В российской деревне, население которой было вынуждено хозяйствовать в сложных природно-климатических условиях и при этом беспрекословно отдавать государству значительную часть произведенной продукции, голод являлся довольно частым гостем. Не стали исключением и первые десятилетия советской власти, на протяжении которых произошло немало локальных продовольственных кризисов и три крупных голодовки 1921 – 1922 гг., 1932 – 1933 гг. и 1946 – 1947 гг.
Р.Г. Тикиджьян (г. Ростов-на-Дону)
Т.В. Панкова-Козочкина (г. Новочеркасск)
В российской деревне, население которой было вынуждено хозяйствовать в сложных природно-климатических условиях и при этом беспрекословно отдавать государству значительную часть произведенной продукции, голод являлся довольно частым гостем. Не стали исключением и первые десятилетия советской власти, на протяжении которых произошло немало локальных продовольственных кризисов и три крупных голодовки 1921 – 1922 гг., 1932 – 1933 гг. и 1946 – 1947 гг.
Каждая из перечисленных голодовок наносила серьезный ущерб сельскому хозяйству и заканчивалась гибелью сотен тысяч советских граждан, большинство из которых составляли сами производители продовольствия – крестьяне. Однако в общественном сознании россиян наиболее печальную известность приобрел Великий голод 1932 – 1933 гг., который нередко считают одним из самых страшных злодеяний сталинского режима. При этом к голоду 1946 – 1947 гг., также произошедшему в период правления И.В. Сталина, российское общество относится значительно более спокойно, оправдывая его тотальной послевоенной разрухой.

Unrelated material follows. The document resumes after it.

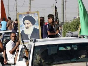 Volunteers, who have joined the Iraqi Army to fight against predominantly Sunni militants, carry weapons and a portrait of Grand Ayatollah Ali al-Sistani during a parade in the streets in Baghdad's Sadr city June 14, 2014.

В настоящее время трагические события 1932 – 1933 гг. изрядно политизированы, в особенности на Украине, «оранжевое» руководство которой усиленно раздувает тему голодомора с целью нагнетания антироссийской истерии и, тем самым, добиваясь укрепления своих шатких позиций. Вряд ли у вменяемых людей может возникнуть сомнение в том, что политические измышлизмы имеют мало общего с исторической реальностью. В то же время тщательный и объективный сравнительно-исторический анализ трех указанных масштабных голодовок позволяет утверждать, что, действительно, голод периода коллективизации был во многом обусловлен политическими расчетами (и просчетами) как самого Сталина, так и его ближайших помощников из высшего звена партийно-советской номенклатуры. Одним из первых среди российских специалистов сравнительный анализ голодовок 1921 – 1922 гг., 1932 – 1933 гг. и 1946 – 1947 гг. осуществил В.В. Кондрашин, который провел такое сопоставление на общероссийском материале [1]. В рамках данной публикации нами предпринята попытка развить и дополнить выводы В.В. Кондрашина на материалах Дона, Кубани и Ставрополья, – регионов, самым серьезным образом пострадавших от голода и в 1921 – 1922 гг., и в 1932 – 1933 гг.
Голод 1921 – 1922 гг., охвативший Поволжье, Юг Урала, Север Казахстана, Западную Сибирь, южные губернии Украины и Юго-Восток России (куда входили Дон, Кубань и Ставрополье), стал следствием целого ряда факторов. Среди них наиболее существенными являлись вызванная Гражданской войной разруха, налогово-заготовительная политика большевиков и сильнейшая засуха 1921 г. Причем, как полагает В.В. Кондрашин, «особенно негативной по своим последствиям для сельского хозяйства была продовольственная разверстка» [2], представлявшая собой в обозначенное историческое время основной метод изъятия сельхозпродукции из деревни. Материалы Юга России в полной мере подкрепляют этот вывод.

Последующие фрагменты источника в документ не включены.